## Data excerpts
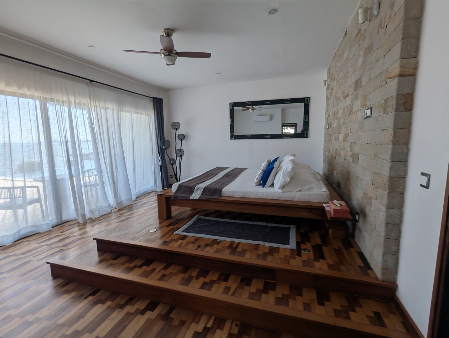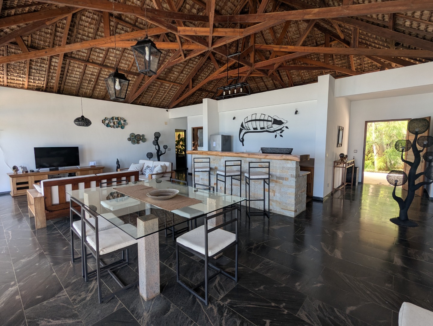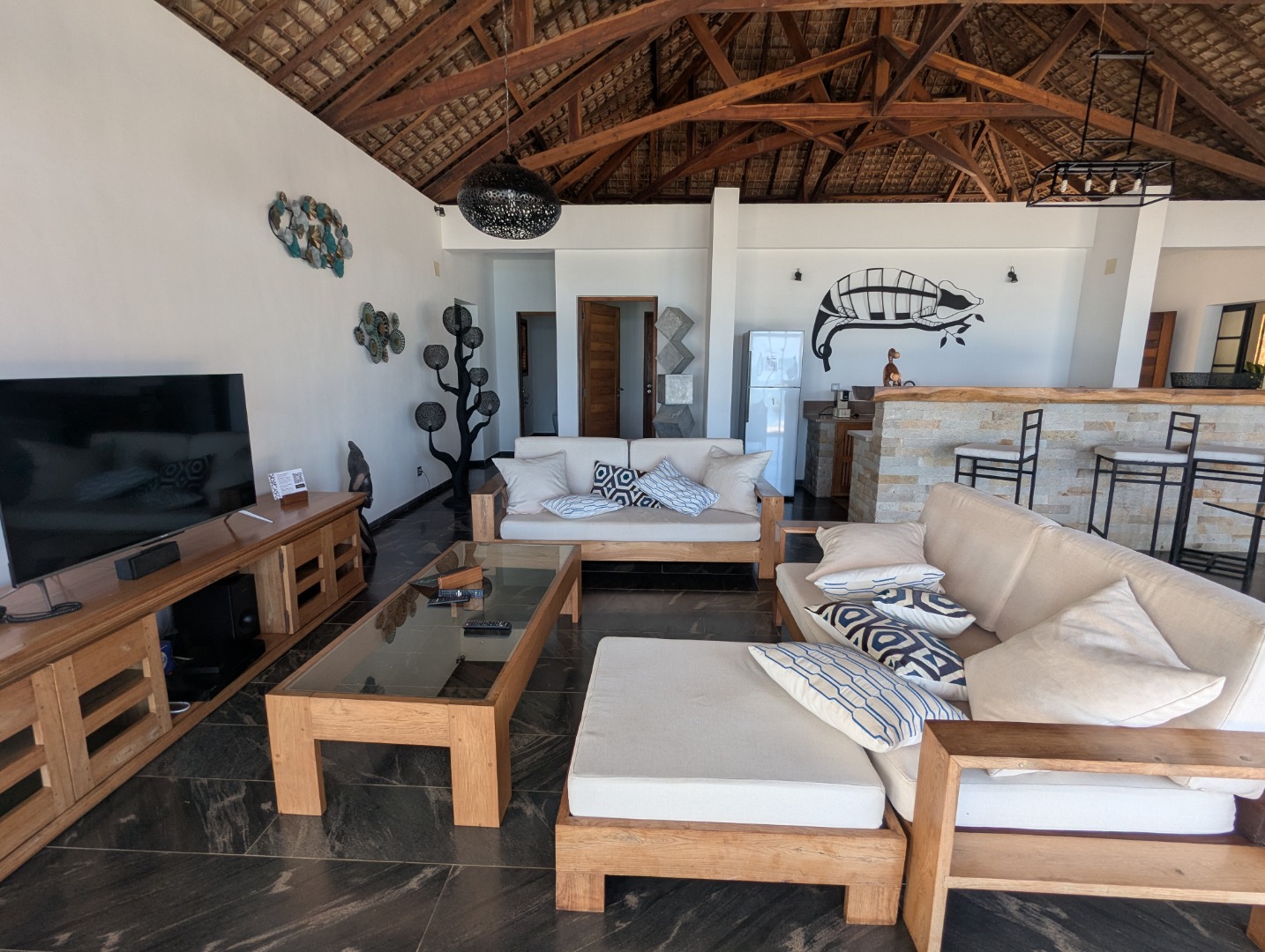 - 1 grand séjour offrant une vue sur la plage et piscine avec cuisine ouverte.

...

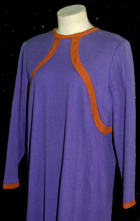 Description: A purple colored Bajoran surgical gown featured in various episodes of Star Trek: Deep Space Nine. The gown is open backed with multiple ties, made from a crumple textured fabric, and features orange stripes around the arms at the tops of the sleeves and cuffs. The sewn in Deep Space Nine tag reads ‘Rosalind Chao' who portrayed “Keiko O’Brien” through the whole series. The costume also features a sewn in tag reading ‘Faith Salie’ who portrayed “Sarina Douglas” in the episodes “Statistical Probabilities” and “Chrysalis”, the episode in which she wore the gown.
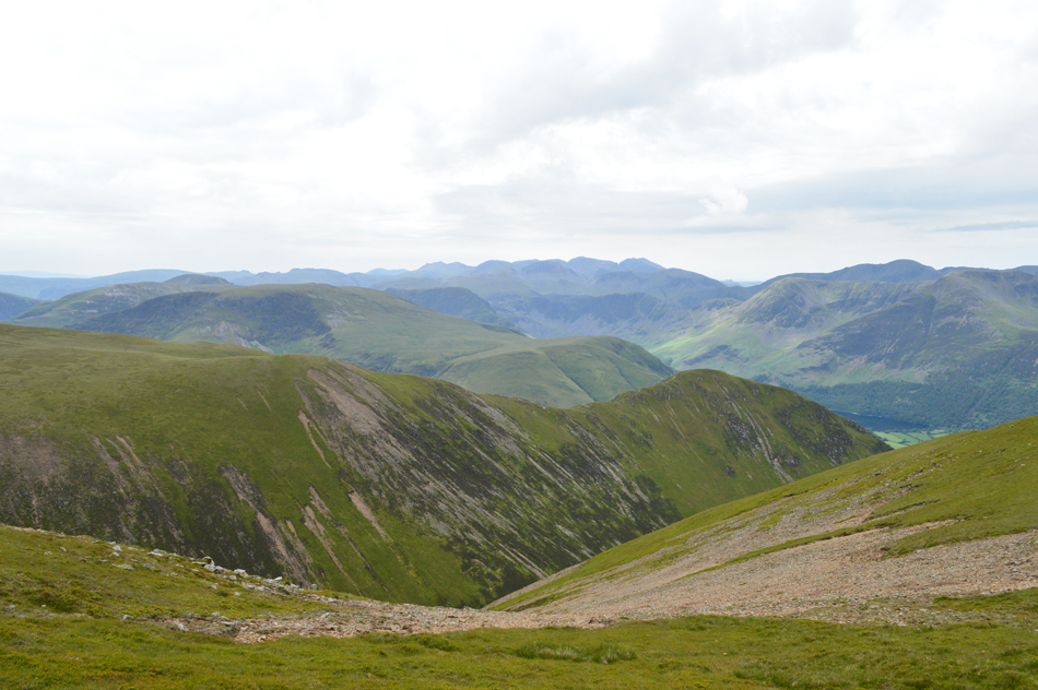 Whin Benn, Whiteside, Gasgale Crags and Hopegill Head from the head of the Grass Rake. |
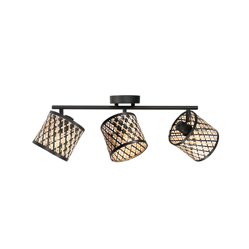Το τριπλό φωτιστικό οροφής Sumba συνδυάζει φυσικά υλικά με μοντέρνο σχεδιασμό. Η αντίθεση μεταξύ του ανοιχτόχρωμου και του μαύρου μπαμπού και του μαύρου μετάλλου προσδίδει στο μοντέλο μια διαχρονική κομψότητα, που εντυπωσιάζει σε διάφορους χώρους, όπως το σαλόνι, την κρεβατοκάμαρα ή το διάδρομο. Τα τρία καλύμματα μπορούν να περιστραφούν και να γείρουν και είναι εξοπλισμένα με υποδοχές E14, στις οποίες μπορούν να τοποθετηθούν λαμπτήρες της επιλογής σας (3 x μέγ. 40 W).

---

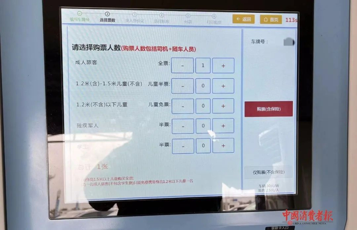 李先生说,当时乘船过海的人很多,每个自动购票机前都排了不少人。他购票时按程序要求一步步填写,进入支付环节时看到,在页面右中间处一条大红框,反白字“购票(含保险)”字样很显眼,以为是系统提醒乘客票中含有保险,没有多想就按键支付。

## Goal of the exercise
Make an exact copy of the lines above, beginning with the line with "Description: A purple" and ending with the line with "Whin Benn, Whiteside, Gasgale", and keep the pictures out of it.

## Answer for the task
 Description: A purple colored Bajoran surgical gown featured in various episodes of Star Trek: Deep Space Nine. The gown is open backed with multiple ties, made from a crumple textured fabric, and features orange stripes around the arms at the tops of the sleeves and cuffs. The sewn in Deep Space Nine tag reads ‘Rosalind Chao' who portrayed “Keiko O’Brien” through the whole series. The costume also features a sewn in tag reading ‘Faith Salie’ who portrayed “Sarina Douglas” in the episodes “Statistical Probabilities” and “Chrysalis”, the episode in which she wore the gown.
 Whin Benn, Whiteside, Gasgale Crags and Hopegill Head from the head of the Grass Rake. |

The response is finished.